Yes basically it just shields the wires from stray signals, alot of the O2 wires I see are shielded to. No......at aprox 350km's after replacing the wire the car died again. I jiggled the new distributor wire but no go I was pretty perplexed now.......2 different distributor wires ? So I finally decide that it must be somewhere else in the engine wiring harness so I try moving different parts of the harness. AFM wires, check connector, coil wires and the wires that come of the 12 volt battery post and the car starts and I manage to drive the 150km's back home. So I decided that since the summers been so crappy so far I need another Celica to cheer me up so hopefully once I've replaced Dirty Deeds bad harness I can go and check it out. A guy a couple hours from me has an 89 GTS for sale. 186,000 km for $1,500.00 Dam I normally pay almost that much for rust buckets, not that I don't think their is rust on this car just alot less than some of the heaps I have dragged home So as soon as I can get a new harness in Dirty Deeds I'll be giving it a 400km test drive So I'm motivated, old harness is out so in the morning I'll be puting the new harness in as soon as I finish taping it up, I had to re add the distributor wiring I had removed from it.
Yeah 20+ year old wiring is going to degrade sooner or later, the wire itself is in good shape its just the insulating covering has dried out and cracked in some places, the higher the heat in the area the worse the damage I find now that if I lift up on this section of the harness the break or short in the wire will go away
That red 89GTS looks like a great deal.

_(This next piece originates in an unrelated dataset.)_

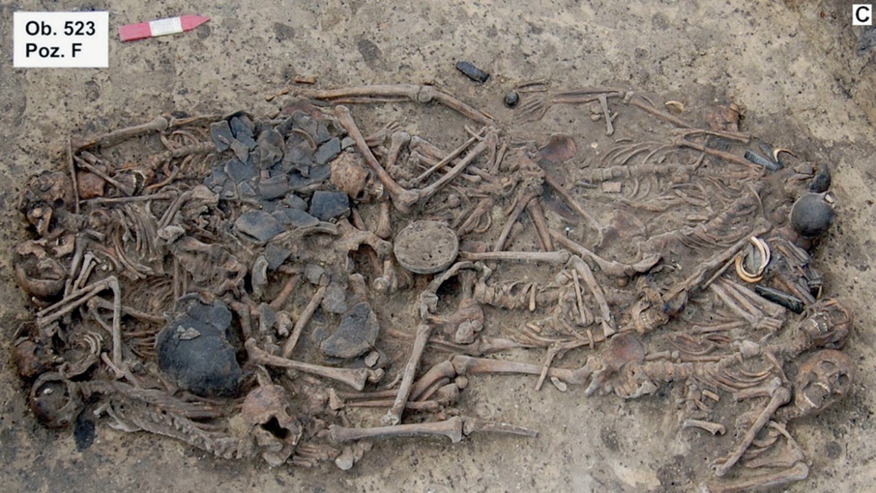 The 5,000-year-old mass grave in southern Poland was first unearthed in 2011 and contained the remains of 15 men, women and children, and some other burial items.

Especially one original owner and only 168,000K's for $1500?! I'd be all over that.
Well I got the chance today to get down and take a look at that other Celica that I had posted about. Got the new harness in Dirty Deeds on friday but the guy was away on saturday so I got a buddy and the license plate for my red All Trac and we headed down to check it out. Decided to take the back roads (blue route) since its the weekend and the trans canada highway would be a nighmare. All nice and happy in its new home The best part about avoiding the trans canada highway was I got to race my buddy all the way back home on some nice country roads and that was quite fun, luckilly no cops cause I know I hit 140km in the new car As I suspected more rust than claimed but the drivers side rear fender is the only bad spot so I can deal with that Back to the engine wiring harness I have noticed that since I have swaped out the old engine harness I can start Dirty Deeds every time with the key whereas with the old engine harness I almost allways had to use my bypass switch which I had ran a dedicated wire from the drivers compartment over top of the radiator and straight to the starter. I think the wiring in the engine harness has more than one bad wire in it, starter wire and one wire that just shuts the engine off.